In the Soviet era, Uzbekistan organized its government and its local communist party in conformity with the structure prescribed for all the republics. The Communist Party of the Soviet Union (CPSU) occupied the central position in ruling the country. The party provided both the guidance and the personnel for the government structure. The system was strictly bureaucratic: every level of government and every governmental body found its mirror image in the party. The tool used by the CPSU to control the bureaucracy was the system of nomenklatura , a list of sensitive jobs in the government and other important organizations that could be filled only with party approval. The nomenklatura defined the Soviet elite, and the people on the list invariably were members of the CPSU.
Following the failure of the coup against the Gorbachev government in Moscow in August 1991, Uzbekistan's Supreme Soviet declared the independence of the republic, henceforth to be known as the Republic of Uzbekistan.
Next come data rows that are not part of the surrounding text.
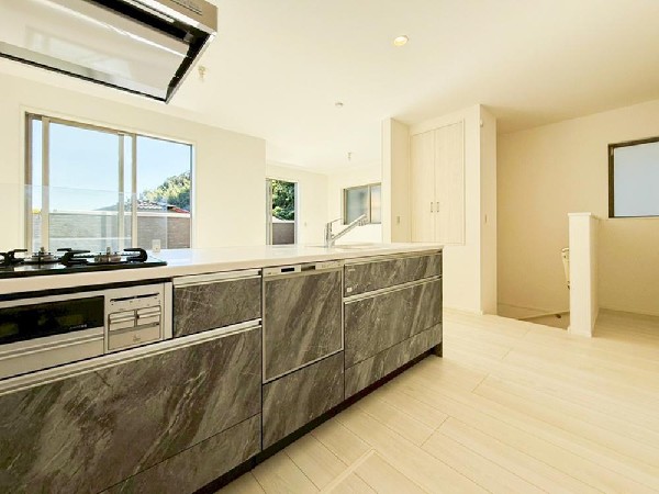 | 設備 | 都市ガス、公営水道、下水、緑豊かな住宅地、閑静な住宅地、角地、都市近郊、2沿線以上利用可、小学校徒歩10分以内、公園5分以内、駐車場1台、システムキッチン、ガス3口、対面キッチン、食器洗浄機、浄水器、I型キッチン、ユニットバス、追い焚き、浴室乾燥機、ウォシュレット、トイレ2ヶ所、浴室1坪以上、浴室に窓、暖房便座、バルコニー、南面バルコニー、2階建、LDK15畳以上、省エネ給湯器、採光2面、全室2面採光、フローリング、全室フローリング、リビング階段、クローゼット、収納、全居室収納、シャンプドレッサー付き、南庭、モニタ付きインターフォン、インターフォン、通風良好、陽当り良好、24時間換気システム、対面キッチン、都市ガス |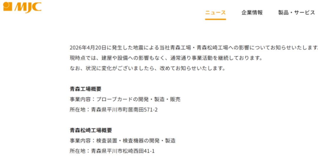 MJC旗下青森工厂、青森松崎工厂的厂房、设备未受地震影响,现阶段持续如常进行营运(如常生产)。MJC青森工厂从事探针卡的研发、制造、销售;青森松崎工厂从事测试设备/测试装置的研发、制造。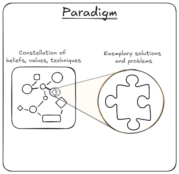 This is what Kuhn means by the term paradigm: itâs the structural container within which scientists work.
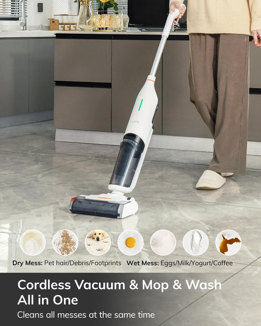 ILIFE W90 Cordless Wireless Wet Dry Smart Mop Washing , 5500Pa Suction, 1 Min Self Cleaning, Large Dual Water Tank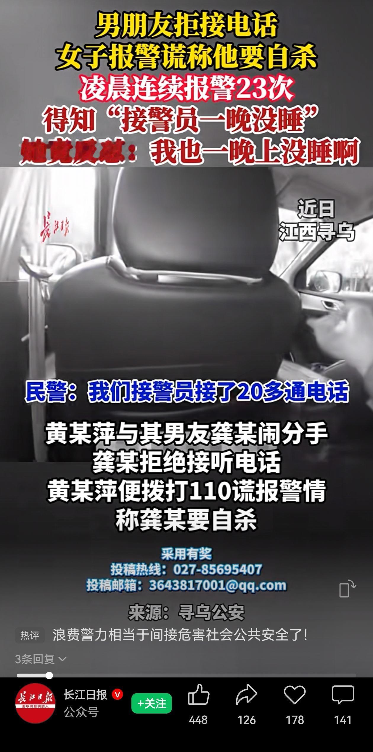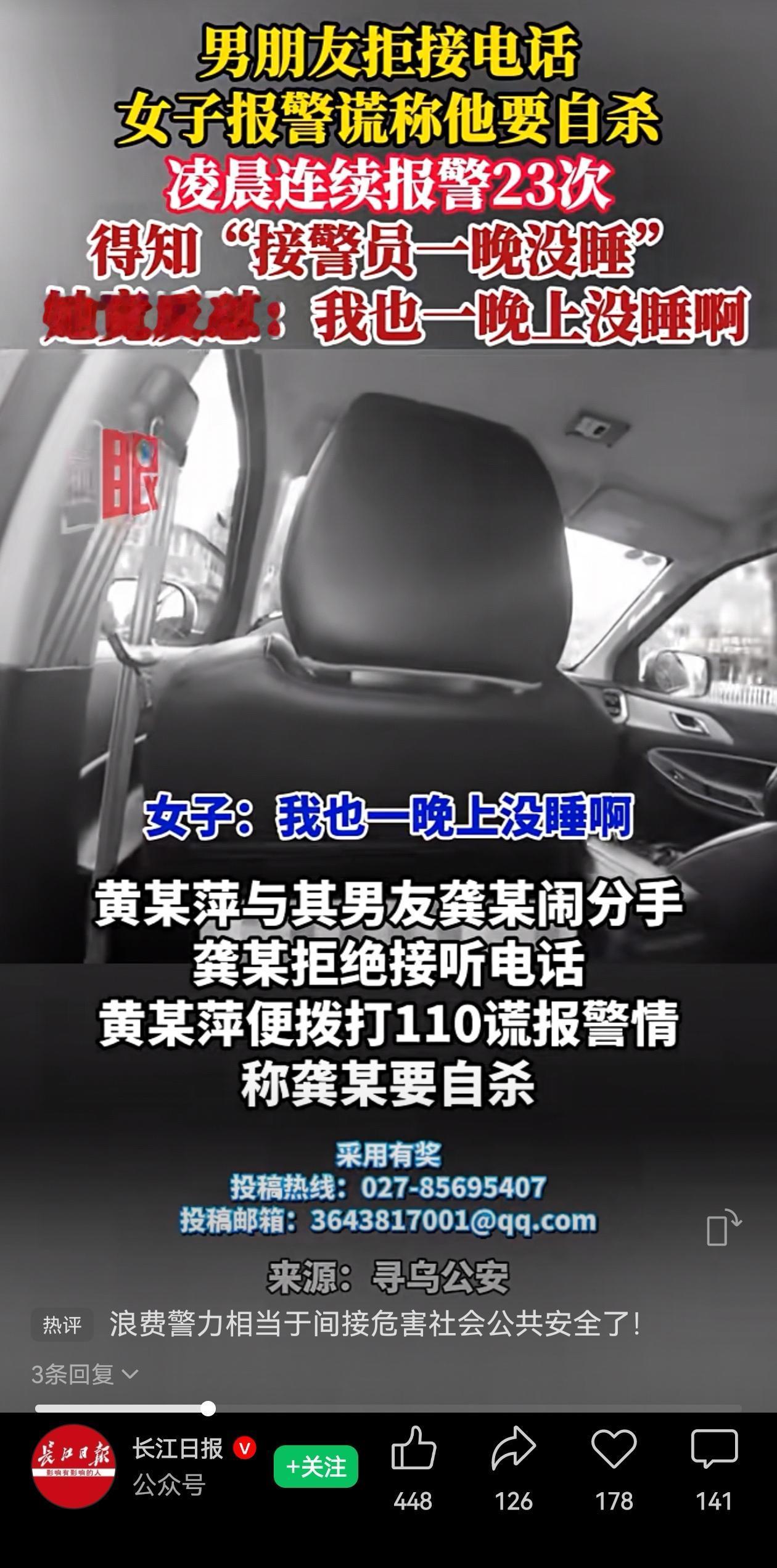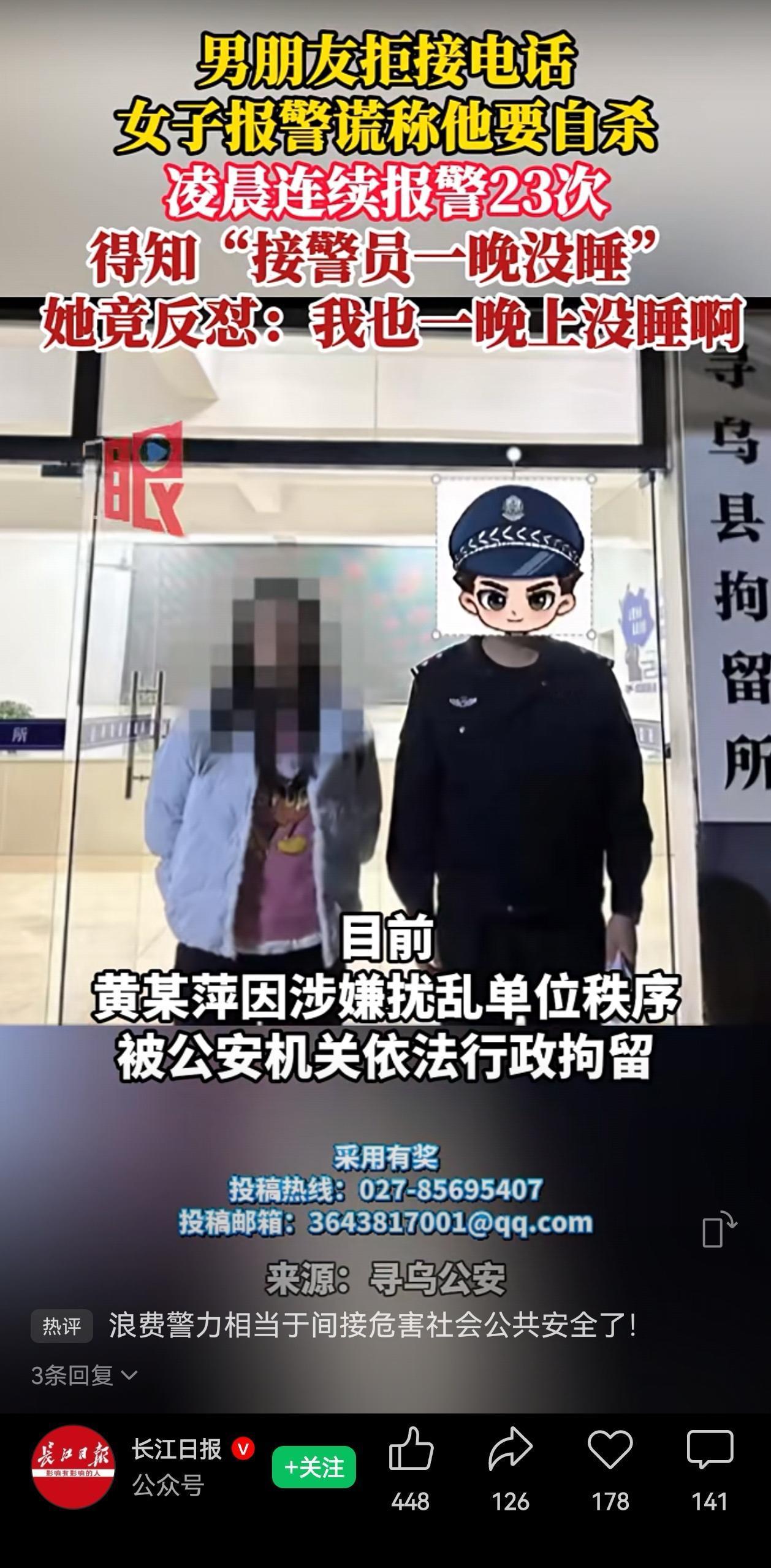 110哪是想打就打的?江西寻乌有个女孩,男朋友不接她的电话,居然把110当私人热线使,一晚上不停劝阻,连续打了23次假报警,说自己男朋友要自杀,就为了逼男朋友接电话? 接警员因为她这一通折腾,整晚没法休息。当警察找到她时:“我们接警员接了20多通电话,一晚上没睡”。 结果她居然大声反呛“我也一晚上没睡啊”!这逻辑简直了,你自己作,不睡,还要拉上等着救命的公共资源陪绑? 典型的“世界只有我,全世界都得围着我转”养大起来的孩子吧!真该醒醒了! 家里惯着长大不等于全社会都得顺着你。为了逼男朋友现身,就能理直气壮地占用救命热线,这已经不是简单的任性,而是自私自利了。 该长大了!拘她的警察说得好:“成年人了,要为自己的行为负责”!这次被行拘就是个教训:社会不是爸妈,没人会无限包容你的胡作非为。否则下次等着你的,可不止是几天拘留这么简单了。 任性可以放任,违法却需要确确实实负责了,好好在拘留所反省几天,慢慢想下怎么让男朋友,愿意接电话吧! 信息来源:长江日报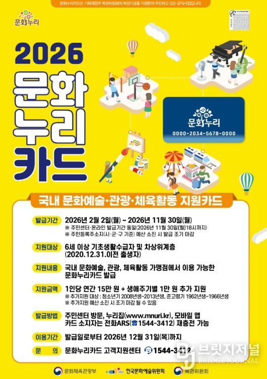 브릿지저널 윤나영 기자 | 태백시는 2026년부터 문화누리카드와 청년문화예술패스 지원을 확대해 문화 취약계층과 청년의 문화 향유 기회를 넓힌다고 밝혔다.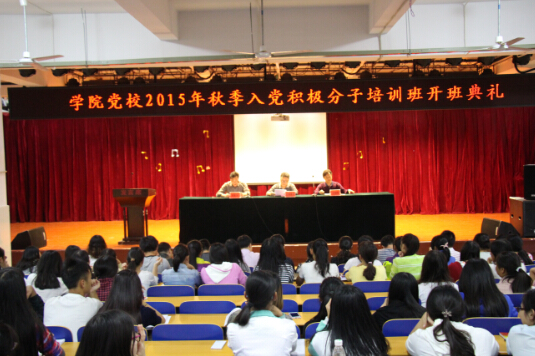 10月13日下午,学院党校2015年秋季入党积极分子培训班开班仪式在多功能报告厅举行。院党委副书记、副院长、党校校长李光锋同志作动员报告,学院党委书记欧阳黎明同志出席并作重要讲话,仪式由组织人事处处长、党校常务副校长黄东泉同志主持,207名入党积极分子及各党总支负责人参加了开班仪式。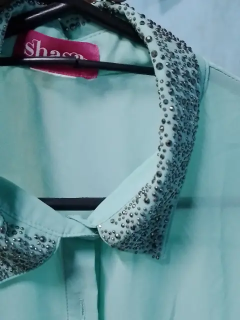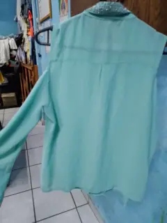 Blusa verde co transparencias color verde talla mediana de dama no estira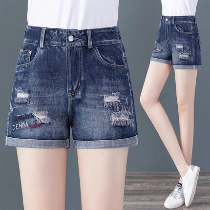 高腰牛仔短裤女夏2025新款宽松显瘦卷边阔腿A字裤时尚刺绣热裤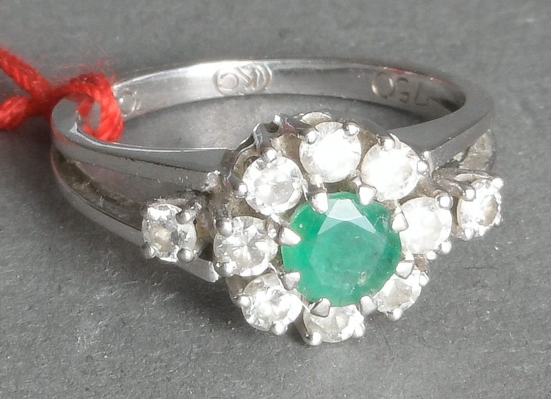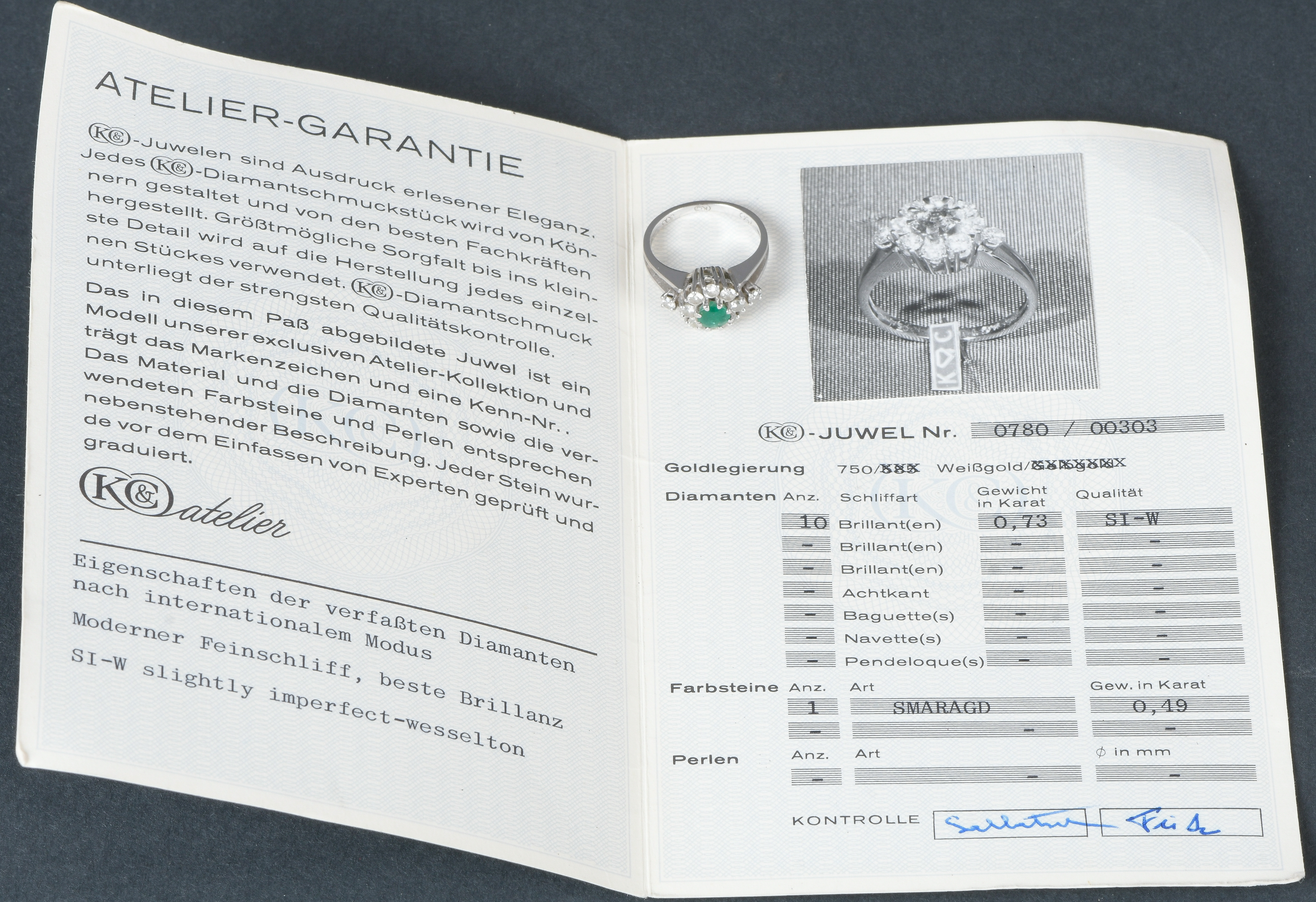 - Katalog-Nr: 2157Damenring. 18 kt Gold, besetzt mit Brillanten, ca. 0,73 ct, und Smaragd, ca. 0,49 ct, Gesamtgewicht ca. 4,74 g, Ringgröße 54. Mit Garantiekarte von H. Bräer, Hannover 1969.o.L.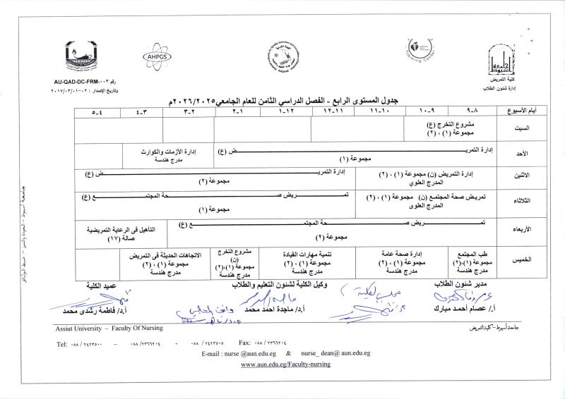 جدول المستوي الرابع الفصل الدراسي الثامن للعام الجامعي 2025-2026

At the same time, the Communist Party of Uzbekistan voted to cut its ties with the CPSU; three months later, it changed its name to the People's Democratic Party of Uzbekistan (PDPU), but the party leadership, under President Islam Karimov, remained in place. Independence brought a series of institutional changes, but the substance of governance in Uzbekistan changed much less dramatically.
On December 21, 1991, together with the leaders of ten other Soviet republics, Karimov agreed to dissolve the Soviet Union and form the Commonwealth of Independent States (CIS--see Glossary), of which Uzbekistan became a charter member according to the Alma-Ata Declaration. Shortly thereafter, Karimov was elected president of independent Uzbekistan in the new country's first contested election. Karimov drew 86 percent of the vote against opposition candidate Mohammed Salikh, whose showing experts praised in view of charges that the election had been rigged. The major opposition party, Birlik, had been refused registration as an official party in time for the election.
In 1992 the PDPU retained the dominant position in the executive and legislative branches of government that the Communist Party of Uzbekistan had enjoyed. All true opposition groups were repressed and physically discouraged. Birlik, the original opposition party formed by intellectuals in 1989, was banned for allegedly subversive activities, establishing the Karimov regime's dominant rationalization for increased authoritarianism: Islamic fundamentalism threatened to overthrow the secular state and establish an Islamic regime similar to that in Iran. The constitution ratified in December 1992 reaffirmed that Uzbekistan is a secular state. Although the constitution prescribed a new form of legislature, the PDPU-dominated Supreme Soviet remained in office for nearly two years until the first parliamentary election, which took place in December 1994 and January 1995.
In 1993 Karimov's concern about the spread of Islamic fundamentalism spurred Uzbekistan's participation in the multinational CIS peacekeeping force sent to quell the civil war in nearby Tajikistan--a force that remained in place three years later because of continuing hostilities. Meanwhile, in 1993 and 1994 continued repression by the Karimov regime brought strong criticism from international human rights organizations. In March 1995, Karimov took another step in the same direction by securing a 99 percent majority in a referendum on extending his term as president from the prescribed next election in 1997 to 2000. In early 1995, Karimov announced a new policy of toleration for opposition parties and coalitions, apparently in response to the need to improve Uzbekistan's international commercial position. A few new parties were registered in 1995, although the degree of their opposition to the government was doubtful, and some imprisonments of opposition political figures continued.
The parliamentary election, the first held under the new constitution's guarantee of universal suffrage to all citizens eighteen years of age or older, excluded all parties except the PDPU and the progovernment Progress of the Fatherland Party, despite earlier promises that all parties would be free to participate. The new, 250-seat parliament, called the Oly Majlis or Supreme Soviet, included only sixty-nine candidates running for the PDPU, but an estimated 120 more deputies were PDPU members technically nominated to represent local councils rather than the PDPU. The result was that Karimov's solid majority continued after the new parliament went into office.